Link to relevant study record(s)

Description of key information

Key value for chemical safety assessment

Additional information

No toxicokinetical studies are available for guanidine nitrate. Assessment is based on available acute toxicity data and physicochemical properties and is developed with the aid of ECHA guidance on information requirements and chemical safety assessment chapter R7c.  

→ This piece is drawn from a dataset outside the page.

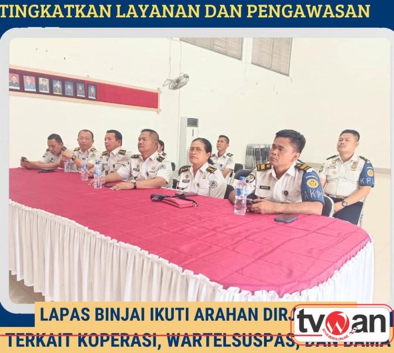 TVWAN.ID, BINJAI | – jajaran Lembaga Pemasyarakatan (Lapas) Kelas IIA Binjai mengikuti Rapat Pengarahan dari Direktur Jenderal Pemasyarakatan terkait pengelolaan Koperasi Pemasyarakatan Indonesia, Wartelsuspas, serta penyediaan bahan makanan (BAMA) pada Lapas dan Rutan, Senin (06/04/2026).

Guanidine nitrate is good water soluble and has a log P value of -1.7, therefore absorption has to be expected. After oral exposure signs of systemic toxicity including death were observed in acute toxicity studies, thus absorption of guanidine nitrate has occurred. As a consequence it is likely the substance will also be absorbed if it is inhaled. This assumption is supported by read-across data from an acute toxicity study by inhalation route, were systemic effects were observed. As data from a dermal acute toxicity study show no systemic effects at the limit dose of 2000 mg/kg bw/d, guanidine nitrate is expected to be not favourable for dermal absorption. As outlined in R7c the stratum corneum provides its greatest barrier function against hydrophilic compounds. If water solubility is above 10,000 mg/L and the log P value below 0 the substance may be too hydrophilic to cross the lipid rich environment of the stratum corneum. Dermal uptake for guanidine nitrate is considered to be low, due to the water solubility of 256,000 mg/L and the log P value of -1.7.

In the acute oral toxicity study clear signs of the central nervous/neuromuscular system were observed, which indicate that the substance has been distributed to the CNS. The excretion route is expected to be via the urine, because guanidine nitrate dissociates in body fluids into the corresponding ions, is highly water soluble and has a low molecular weight of 122 g/mol.  

Guanidine hydrochloride is used as pharmaceutical. According to prescribing information guanidine is indicated for the reduction of symptoms of muscle weakness and easy fatigability associated with the myasthenic syndrome of Eaton-Lambert. The clinical pharmacology is described as follows: “Guanidine apparently acts by enhancing the release of acetylcholine following a nerve impulse. It also appears to slow the rates of depolarization and repolarization of muscle cell membranes.”  

Nitrate is the principal nitrogen source for plants, taken up from soil as essential nutrient. Thus, nitrate is a natural ingredient of vegetables, fruits and cereals. From standard textbooks on pharmacology and physiology nitrate is known to be absorbed from the gastro-intestinal tract and excreted in the urine.